The European Union is expected to draw one-third of its
electricity from green sources by 2020. This means that the power grid must be
digitized and made intelligent to handle the intermittent renewable energies
being fed to the grid from tens of thousands of local producers of energy.
Of
course, it will also be essential to quickly develop and deploy hydrogen and
other storage technologies across the European Union's infrastructure when the
amount of intermittent renewable energy exceeds 15 percent of the electricity
generation, or much of that electricity will be lost. Similarly, it is
important to incentivize the construction and real estate sectors with low
interest green loans and mortgages to encourage the conversion of millions of
buildings in the European Union to mini power plants that can harness renewable
energies on-site and send surpluses back to the smart grid. And unless these
other considerations are met, the European Union won't be able to provide
enough green electricity to power millions of electric plug-in and hydrogen
fuel cell vehicles being readied for the market. If any of the five pillars
fall behind the rest in their development, the others will be stymied and the
infrastructure itself will be compromised.
The
creation of a renewable energy regime, loaded by buildings, partially stored in
the form of hydrogen, distributed via smart intergrids, and connected to
plug-in, zero-emission transport, opens the door to a Third Industrial
Revolution. The entire system is interactive, integrated, and seamless. When
these five pillars come together, they make up an indivisible technological
platform--an emergent system whose properties and functions are qualitatively
different from the sum of its parts. In other words, the synergies between the
pillars create a new economic paradigm that can transform the world.
To
appreciate how disruptive the Third Industrial Revolution is to the existing way
we organize economic life, consider the profound changes that have taken place
in just the past twenty years with the introduction of the Internet revolution.

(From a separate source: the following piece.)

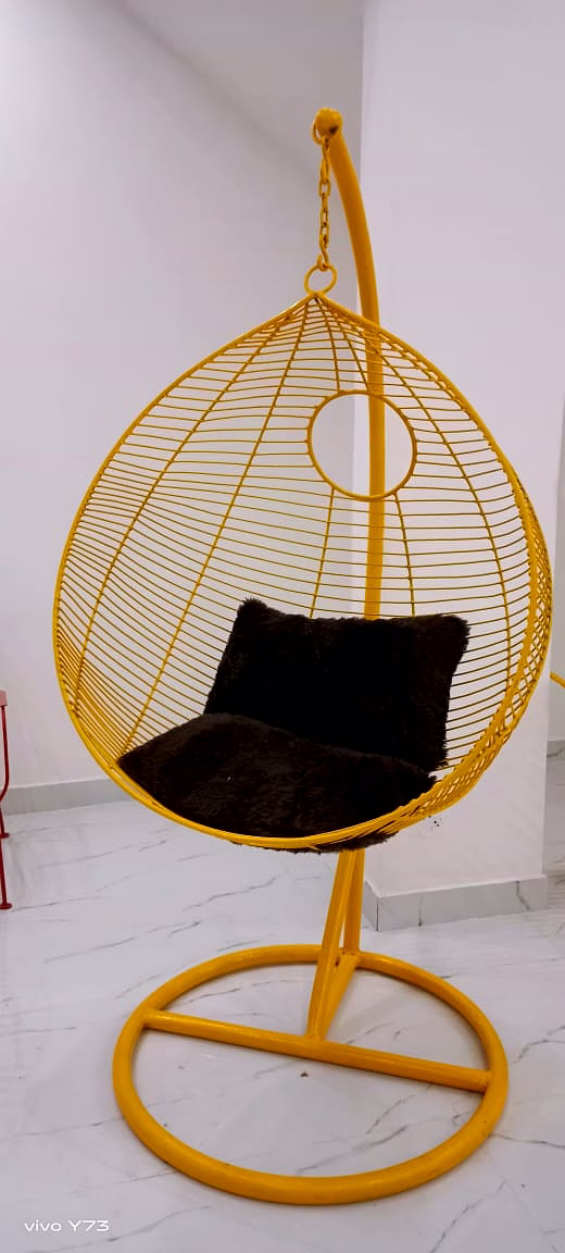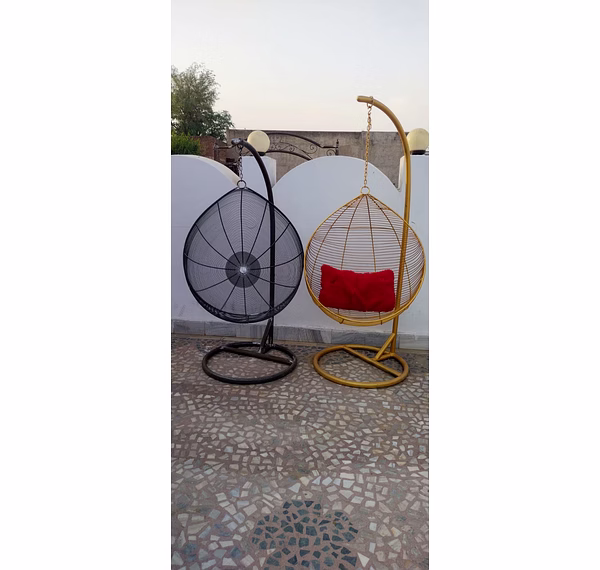Crafted from sturdy iron and expertly powder coated, this swing is built to withstand the elements, ensuring longevity and durability. Its round design adds a touch of elegance to your garden or patio, creating a charming focal point for your outdoor space.

The democratization of information and communication has altered the very
nature of global commerce and social relations as significantly as the print
revolution in the early modern era. Now, imagine the impact that the
democratization of energy across all of society is likely to have when managed
by Internet technology.
The Third Industrial Revolution build-out is particularly
relevant for the poorer countries in the developing world. We need to keep in
mind that 40% of the human race stills lives on two dollars a day or less, in
dire poverty, and the vast majority have no electricity. Without access to
electricity they remain "powerless," literally and figuratively. The
single most important factor in raising hundreds of millions of people out of
poverty is having reliable and affordable access to green electricity. All
other economic development is impossible in its absence. The democratization of
energy and universal access to electricity is the indispensible starting point
for improving the lives of the poorest populations of the world. The extension
of micro credit to generate micro power is already beginning to transform life
across the developing nations, giving potentially millions of people hope of
improving their economic situation.
There
is no inevitability to the human sojourn. History is riddled with examples of
great societies that collapsed, promising social experiments that withered, and
visions of the future that never saw the light of day. This time, however, the
situation is different. The stakes are higher. The possibility of utter
extinction is not something the human race ever had to consider before the past
half-century. The prospect of proliferation of weapons of mass destruction,
coupled now with the looming climate crisis, has tipped the odds dangerously in
favor of an endgame, not only for civilization as we know it, but for our very
species.
The Third Industrial Revolution offers
the hope that we can arrive at a sustainable post-carbon era by mid-century. We
have the science, the technology, and the game plan to make it happen. Now it
is a question of whether we will recognize the economic possibilities that lie
ahead and muster the will to get there in time.